» **Dataset records**
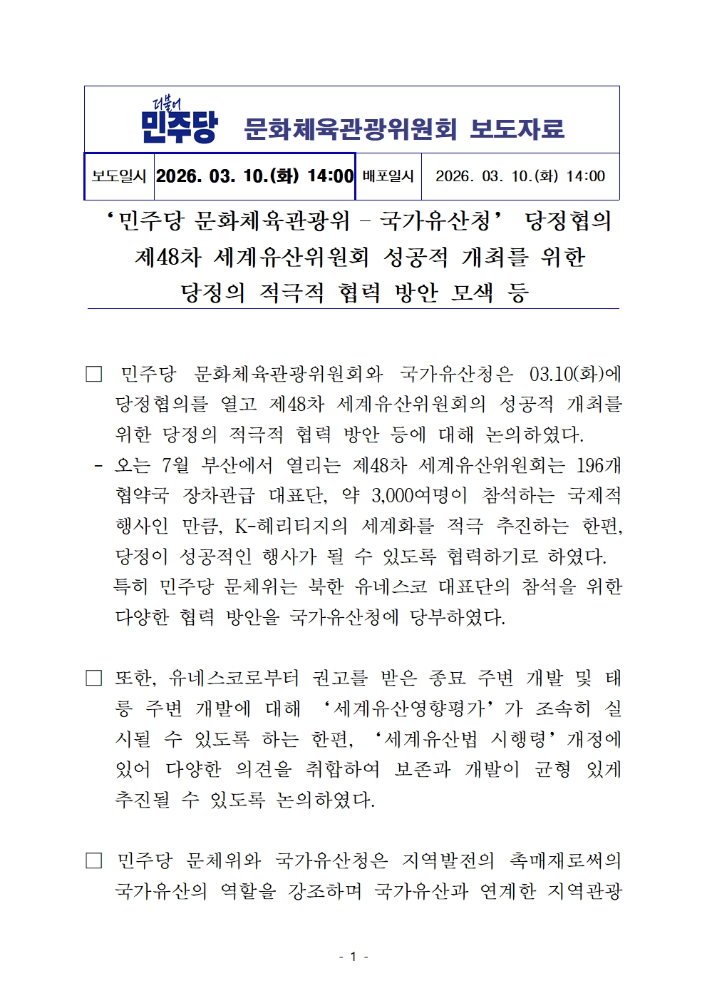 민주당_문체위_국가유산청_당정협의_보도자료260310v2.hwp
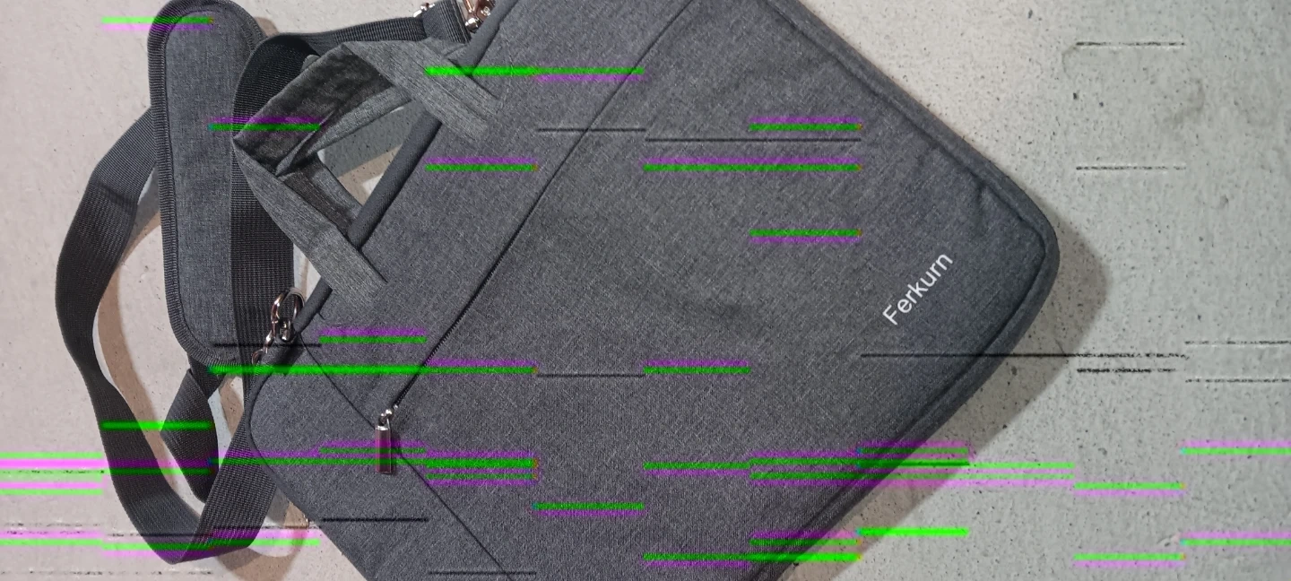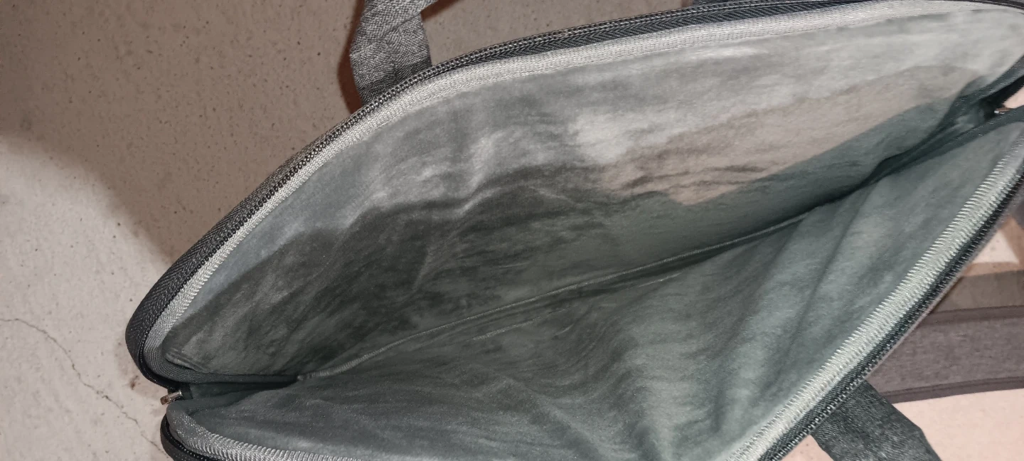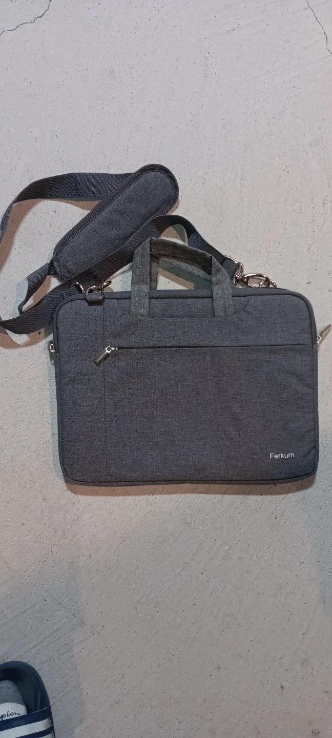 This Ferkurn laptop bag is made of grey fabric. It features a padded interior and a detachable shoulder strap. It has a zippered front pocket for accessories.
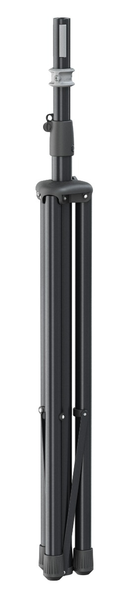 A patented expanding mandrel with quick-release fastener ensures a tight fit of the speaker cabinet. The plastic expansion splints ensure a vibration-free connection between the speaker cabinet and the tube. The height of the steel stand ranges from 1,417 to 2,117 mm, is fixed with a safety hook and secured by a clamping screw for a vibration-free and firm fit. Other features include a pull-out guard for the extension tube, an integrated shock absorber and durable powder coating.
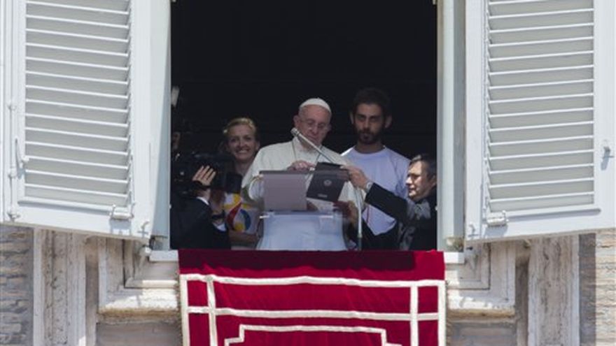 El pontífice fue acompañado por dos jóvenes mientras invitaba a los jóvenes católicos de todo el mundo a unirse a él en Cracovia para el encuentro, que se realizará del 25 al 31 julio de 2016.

--

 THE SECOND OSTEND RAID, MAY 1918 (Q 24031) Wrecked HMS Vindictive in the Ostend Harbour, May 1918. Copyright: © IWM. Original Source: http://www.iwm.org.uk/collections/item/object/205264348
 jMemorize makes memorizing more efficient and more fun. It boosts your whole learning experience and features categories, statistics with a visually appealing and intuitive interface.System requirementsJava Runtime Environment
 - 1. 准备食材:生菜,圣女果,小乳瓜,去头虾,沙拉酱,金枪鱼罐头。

» **Exercise requirements**
With the pictures omitted, copy the entries above exactly from the line containing "민주당_문체위_국가유산청_당정협의_보도자료260310v2.hwp" through the line containing "This Ferkurn laptop", both lines included.

» **Solution for this exercise**
 민주당_문체위_국가유산청_당정협의_보도자료260310v2.hwp
 This Ferkurn laptop bag is made of grey fabric. It features a padded interior and a detachable shoulder strap. It has a zippered front pocket for accessories.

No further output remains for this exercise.